Thursday, January 15, 2009

Obama's Treasury Secretary Owed $26K in Taxes, but it's OK

From LATimes.com:

Uh, it seems that Democrat Barack Obama's secretary of the Treasury-designate owed something like $34,000 in back taxes when he was picked to head the nation's financial system.

Uh, it seems Timothy Geithner owed the back taxes because the would-be member of the president's new Cabinet employed a housekeeper who became an illegal immigrant while working for him. And Geithner did not pay self-employment taxes for several years until the IRS audited him.

It seems the Obama transition team discovered the back taxes while researching the nominee, unlike the federal grand jury investigation of now former would-be secretary of Commerce-designate Bill Richardson.

It seems that such legal problems have derailed would-be Cabinet members in the past -- think Zoe Baird and Kimba Wood for Bill Clinton and Linda Chavez for George W. Bush.

It seems that Obama spokesmen are calling the nonpayment of thousands of dollars in back taxes for years a minor thing. One news report described it as "a speed bump." Sam Stein over at HuffingtonPost calls it an "embarrassing public relations headache" but really a mistake "quite common in nature."

For a secretary of the Treasury? A Federal Reserve president? Somebody who, now that Bill Richardson is stuck in Santa Fe, is gonna mastermind the economic recovery?

Oh, and for someone whose department includes the Internal Revenue Service?

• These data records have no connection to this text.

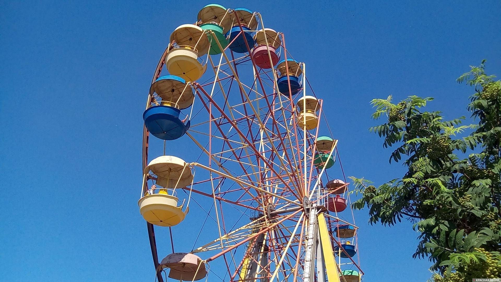 Инцидент произошел утром. Восемь детей находились в четырех кабинах небольшого колеса обозрения, которое после поломки вала остановилось и упало.
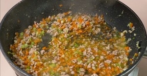 把胡萝卜切成小丁,芹菜切成小丁,葱姜蒜切末,猪肉剁成肉末
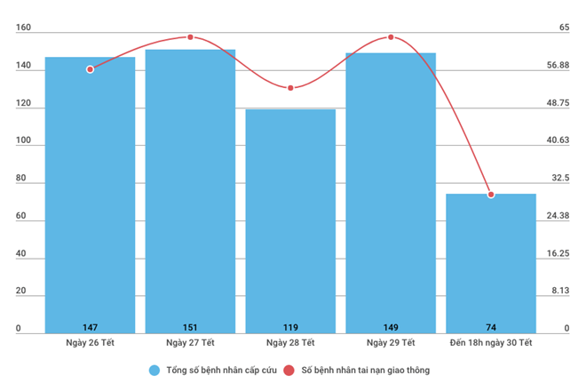 Biểu đồ về số bệnh nhân cấp cứu và số trường hợp bị tai nạn giao thông trong những ngày Tết tại Bệnh viện Hữu nghị Việt Đức.
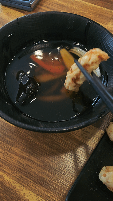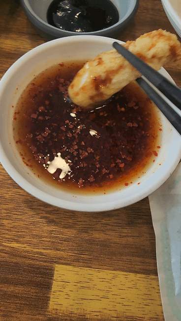 저는 탕수육 소스를 먼저 찍고 그 상태로 간장 소스를 한번 더 찍어서 먹습니다.
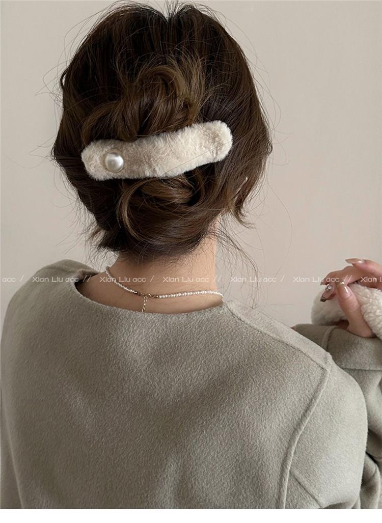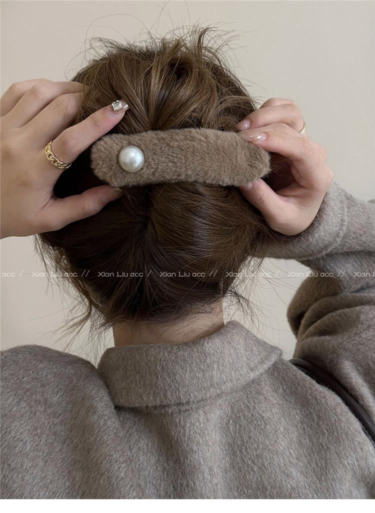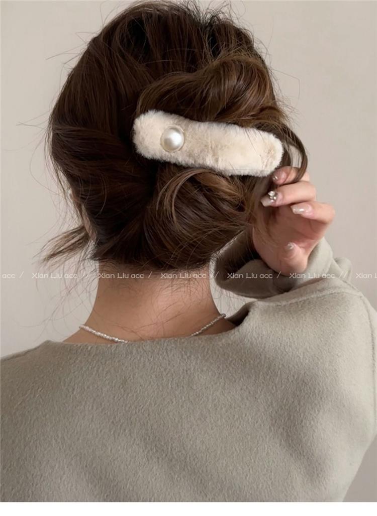 가을과 겨울 봉제 진주 머리핀 여성의 2023 새로운 등 머리 상어 클립 우아한 고급 덕빌 클립 헤드웨어스토어 가기
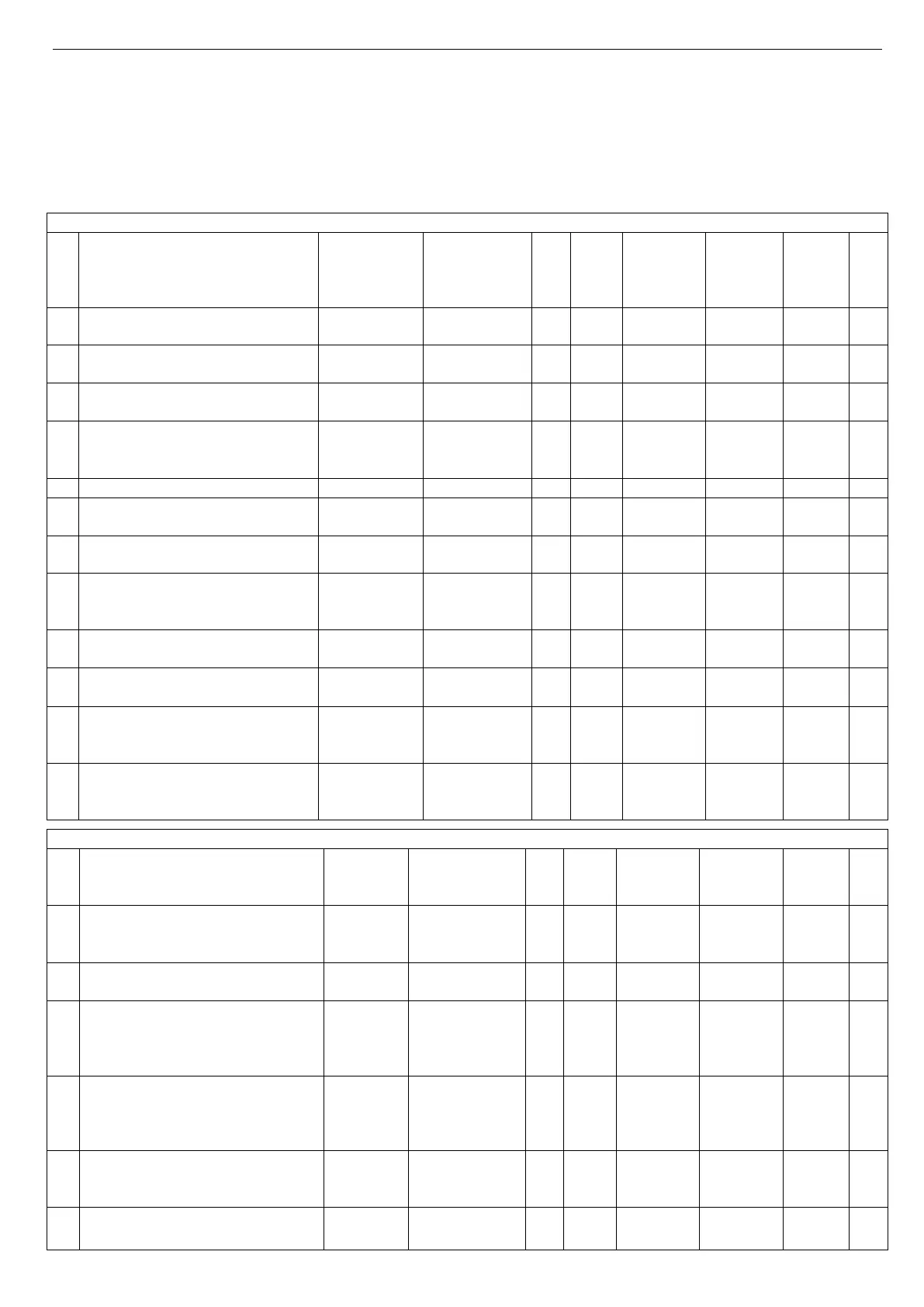 divided by areas of operation (the columns of the items "MODE" and "rxx" parameters indicate the operation mode and the
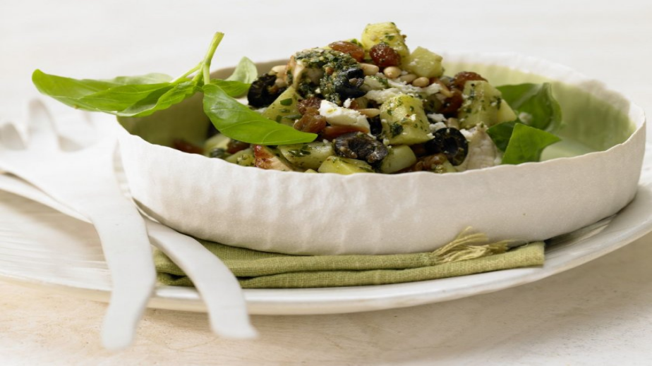 Кедровите ядки се запичат на сух тиган и се смесват с маслините и изстисканите стафиди, нарязани на едро.
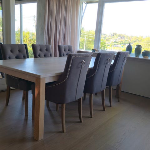 Jeg selger 6 stk mørk grå m/hvite stolbein spisestuestoler fra ikea.

It seems that the Obama team's talking points focus on the words "honest mistakes."

Incoming White House press secretary Robert Gibbs says of Geithner, "He's dedicated his career to our country and served with honor, intelligence and distinction. That service should not be tarnished by honest mistakes, which, upon learning of them, he quickly addressed."


So you're a bank president walking out of the store with a $34,000 candy bar you did not pay for. A large person with a gun points that out. So you pay the $34 Gs. And that makes it obviously unintentional and an "honest mistake"?